Chapitre 2

À sa descente de voiture, Charles fut accueilli par le commissaire de police Gunther Krauter.

Il ne se laisserait pas faire. On l’avait soustrait de façon bien peu délicate à son colloque, sans même lui expliquer pourquoi.

Il détestait les interventions en force des autorités. En fait, il avait renoncé à une carrière de consultant politique justement à cause du côté collet monté de ce milieu. Il ne supportait pas le costard-cravate. Ça lui donnait l’air d’un pingouin, disait-il, à cause de son cou épais et court, qui contrastait avec le reste de son corps – taille et poids moyens, le physique ordinaire de quelqu’un qui s’entretient. C’est pourquoi il faisait confectionner ses chemises sur mesure. Il pouvait se le permettre. Les conférences qu’il donnait, ses honoraires de spécialiste en communication politique, les droits d’auteur de ses livres à succès lui assuraient de confortables revenus, et à tout cela s’ajoutaient les gratifications que les gouvernements des États-Unis et de la Grande-Bretagne, plus quelques investisseurs privés, lui avaient accordées. Tout cela avait fait de lui un homme presque fortuné. Ses marques préférées étaient Charvet, Brioni et Kiton. Les mauvais jours et pour varier, il portait du Breuer, de l’Eton ou du Turnbull & Asser. Il fallait en convenir, sa garde-robe était si foisonnante et son dressing si vaste que l’une de ses amantes avait fondu en larmes, un beau matin, quand elle y était entrée par mégarde en cherchant la salle de bains. Ce qui comptait pour lui, c’étaient les marques, mais surtout les matières et la qualité des coutures. Il ne portait jamais ce qui de près ou de loin pouvait ressembler à un pull-over ou à toute autre matière rêche – les couvertures dans certains hôtels pouvaient le rendre fou. Sa chemise devait être une caresse, et lui procurer une sensation de bien-être tout au long de la journée. Il préférait le coton. Le coton Pima, d’Égypte ou Sea Island, pourvu qu’il entre dans la catégorie « coton à fibres très longues ». Il appréciait aussi le twill italien ou la batiste et la marceline. De temps à autre, il s’offrait des chemises en popeline. Ces marques avaient leur propre designer et certaines ne fournissaient qu’une poignée de clients. Charvet était sa préférée, la Rolls Royce de la chemise sur mesure. Rien que dans les blancs et les bleus, on comptait deux cents nuances. Alors, à chacun de ses passages à Paris, la maison Charvet, place Vendôme, était pour Charles une destination obligatoire.

— Où vous fournissez-vous en chemises ? demanda le commissaire avec curiosité.

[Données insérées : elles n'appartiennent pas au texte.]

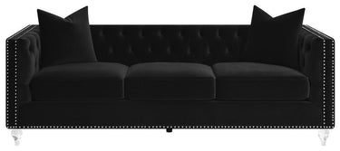 With an iconic tuxedo style design, this contemporary sofa lends a refined look to living rooms and seating areas. classic button tufted interior backrest and arms offer an elegant touch while gleaming individually hammered nailhead trim extends down each straight arm and across the bottom edge. covered in a luxe black velvet that is soft to the touch, this sofa invites you to sit and stay a while. on each arm's exterior is a mitered mirror and acrylic crystal frame inset that offers a striking statement and accent, matched only by turned clear acrylic legs. plush seating and trillium blend-filled accent pillows complete this furniture piece, elevating it to something truly special.
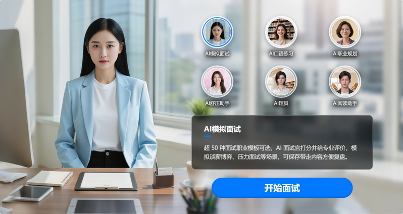 1、AI模拟面试:内置超50种面试职业模板,用户可依据自身求职目标,快速定位适配模板。通过还原各行业岗位核心面试场景与考核要点,精准打磨个人面试能力,提升求职竞争力。

Charles s’étonna du sens de l’observation du policier. Il n’était pas donné à tout le monde de reconnaître une Brioni, la chemise rose pâle qu’il portait ce jour-là. Ainsi, le flic avait du goût. Où se l’est-il formé ? se demanda Baker. Il était certain que personne à trois cents kilomètres à la ronde n’avait jamais vu une telle qualité. Mais par précaution, et parce qu’il détestait mettre les gens mal à l’aise à part quand c’était absolument nécessaire, il répondit :

— C’est ma femme qui me les achète. Je n’y connais rien.

Il n’était pas marié et, puisqu’il n’était pas bon menteur non plus, il venait de dire ce qui lui était passé par la tête.

— Pourquoi suis-je ici ? poursuivit-il.

Le policier le regarda, l’air hésitant. Devait-il le lui dire sur place, l’inviter à le suivre et lui montrer, ou l’envoyer au poste et l’interroger ? Christa Wolf avait insisté pour que Baker soit convoqué sur la scène de crime. Alors il se limita à obéir.

— Suivez-moi.

Ils prirent la côte en direction de l’escalier.